### WHAT THE TASK REQUIRES
The line containing "System has been" marks the end; write out exactly every line from the start of the data up to and including it, without the pictures.

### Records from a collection
+--
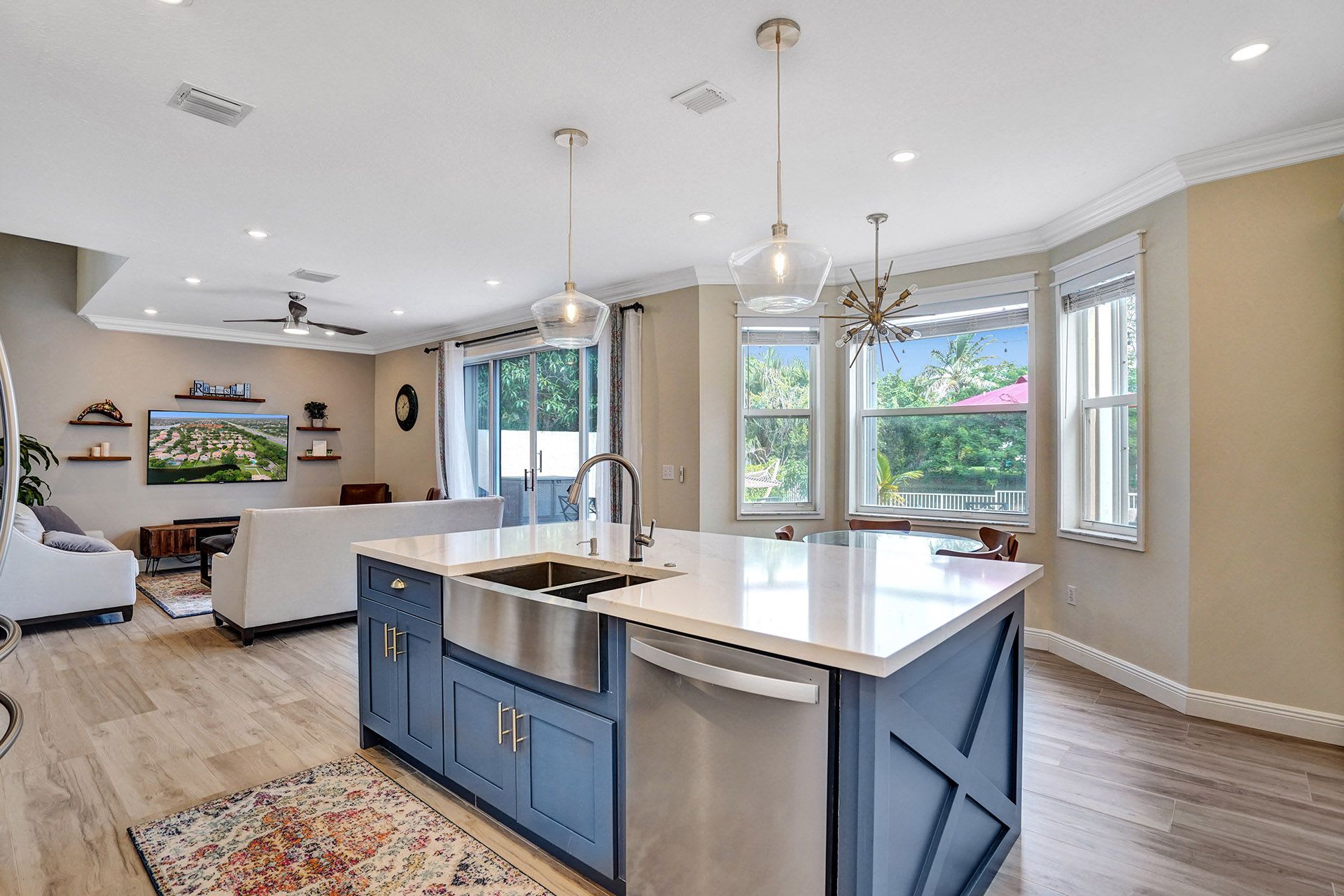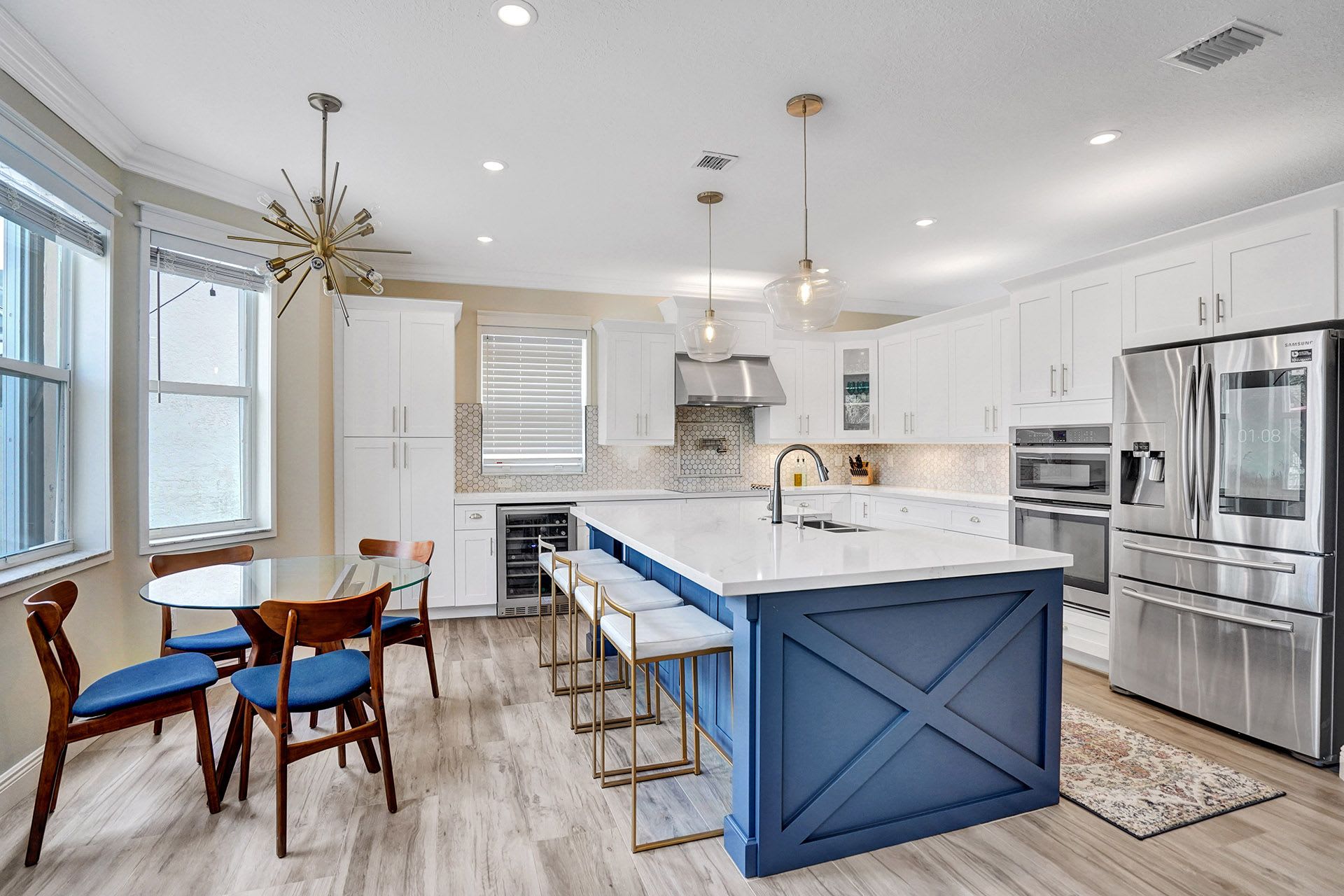 - Custom-built chefs kitchen featuring a huge center island with farm sink, quartz countertops, custom cabinets, stainless steel appliance, and smart refrigerator.
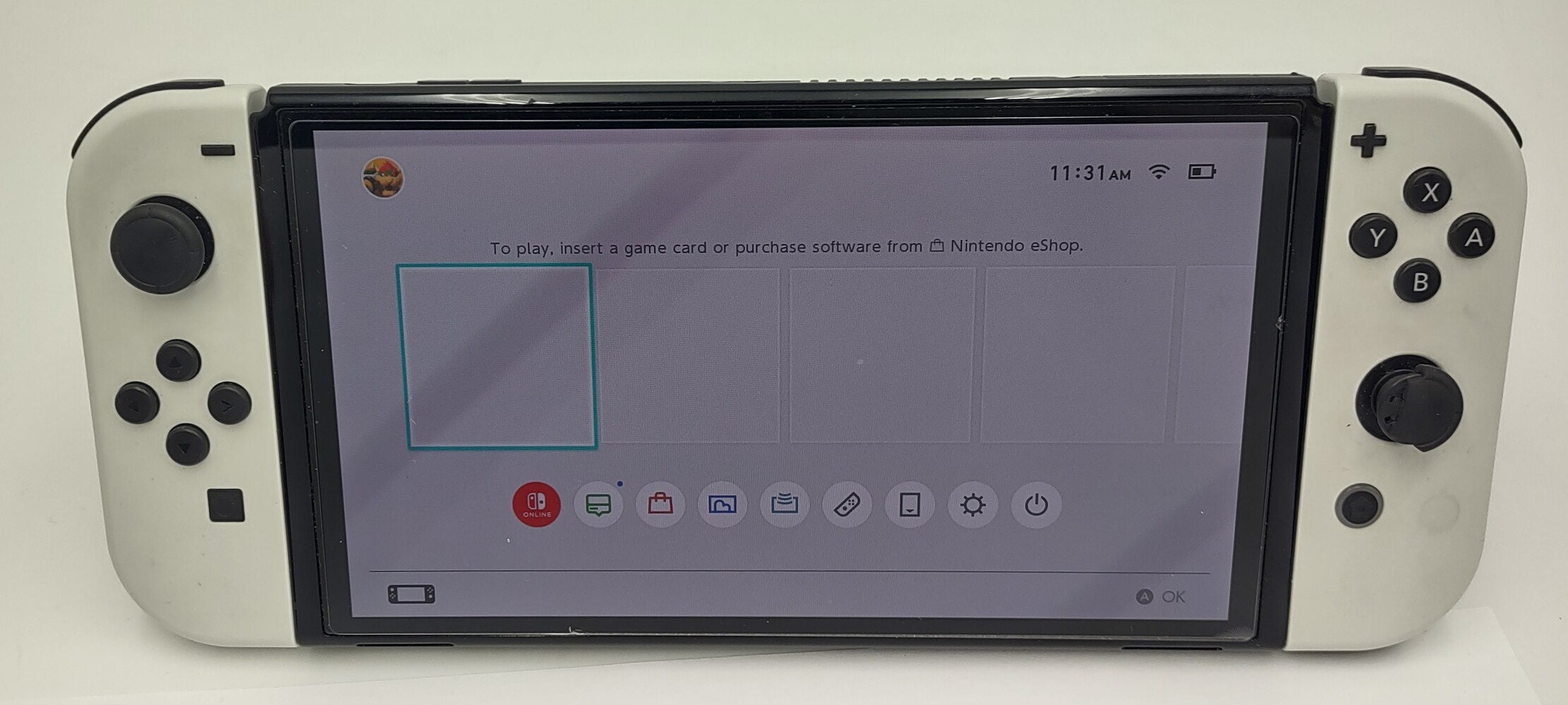 System has been tested and fully reset. There is some damage to the right Joy-Con, please see photos.
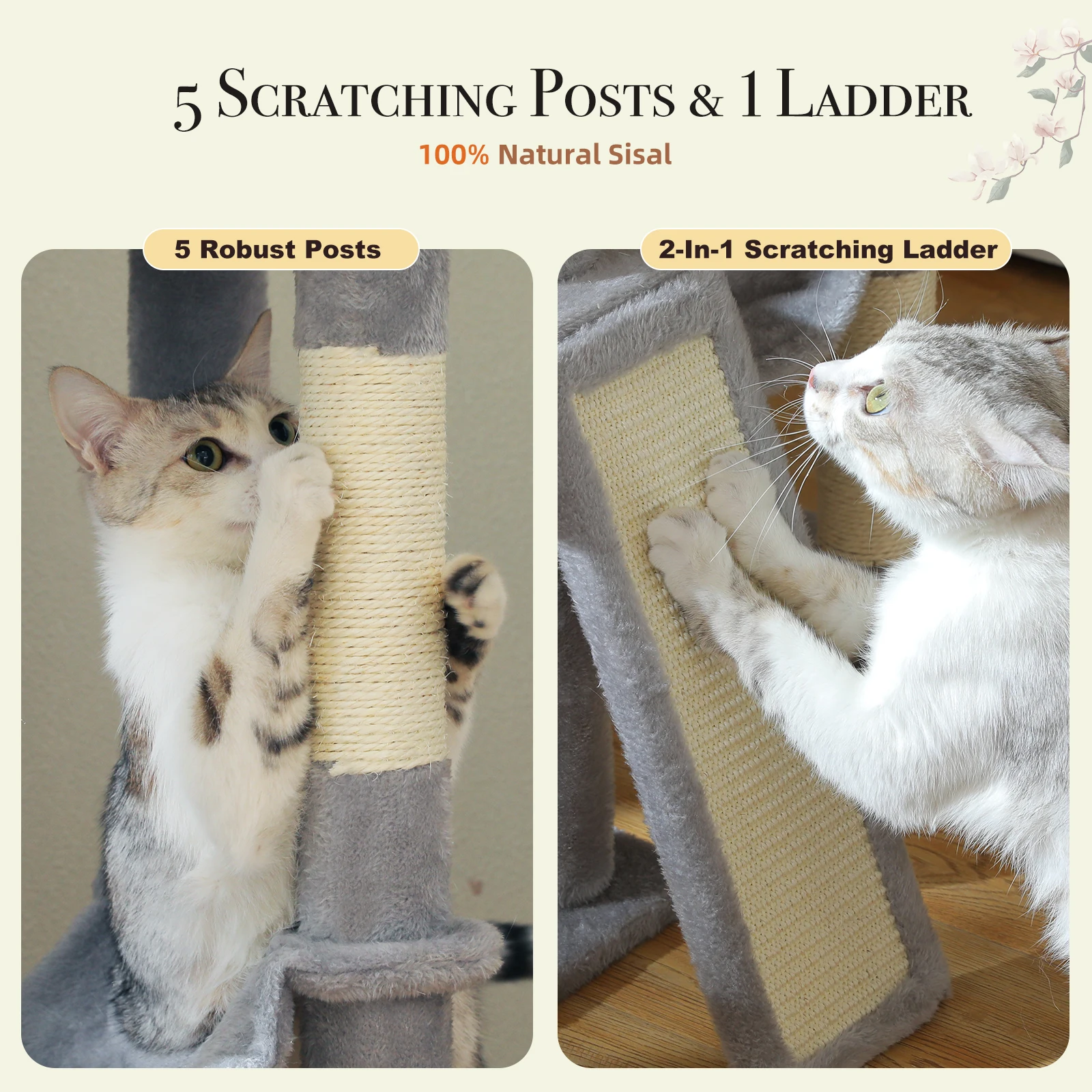 Material superior para mayor robustez:La seguridad es siempre la prioridad.A diferencia del piso de un solo poste a la torre de techo, este diseño mejorado y bien equilibrado de 2 postes en la parte superior, que agrega robustez a la estructura para ayudar a que sus gatitos suban y bajen de forma segura.Totalmente cubiertos con sisal 100% natural, los postes y la escalera son lo suficientemente resistentes como para afilar perfectamente sus garras.
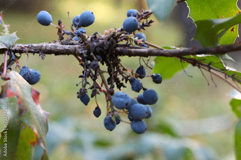 Dark blue mahonia berries on a branch with glossy leaves — a concept of autumn harvest, botanical texture, natural beauty, and seasonal change for packaging, eco-design, educational
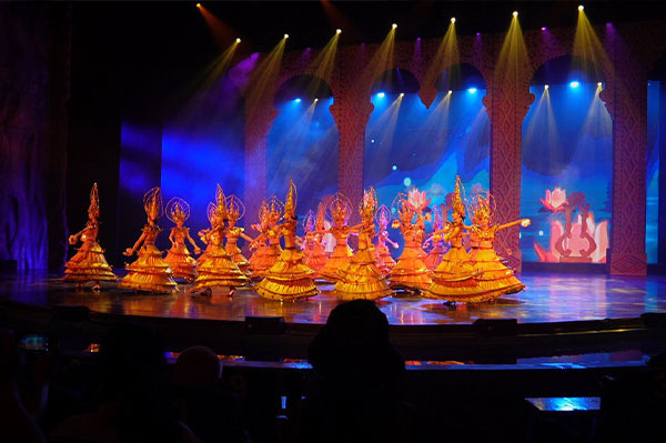 ๒. นกยูงนำโชค (The Auspicious Peacock) ฉากภาคพื้นดินที่มีนกยูงนับพันตัว เขาใช้ชุดคนแสดงแต่งตัวเป็นนกยูง ถือว่าเป็นจุดสำคัญของแคว้นนี้ทีเดียว มองไปทุกหนทุกแห่งจะเห็นป้ายโฆษณาชุดสาวน้อยงาม เต็มไปด้วยเสน่ห์ แต่งกายเป็นนกยูง สวยงาม น่าดู น่าชม
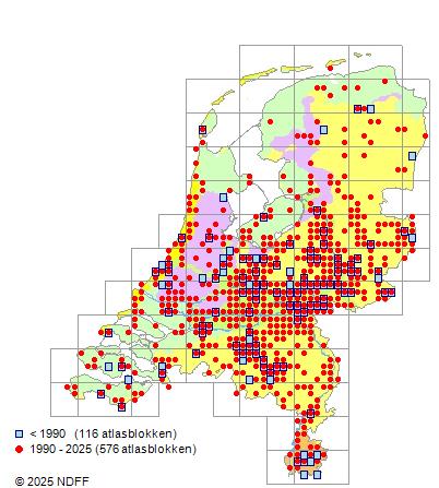 Vrij alg., vooral in F, Z, S, K en G; zeld. in H, R, D en Y, ontbreekt in W. Kaart in Nauta & Vellinga, Atlas. 1995.
+--
### EXPECTED OUTPUT
 - Custom-built chefs kitchen featuring a huge center island with farm sink, quartz countertops, custom cabinets, stainless steel appliance, and smart refrigerator.
 System has been tested and fully reset. There is some damage to the right Joy-Con, please see photos.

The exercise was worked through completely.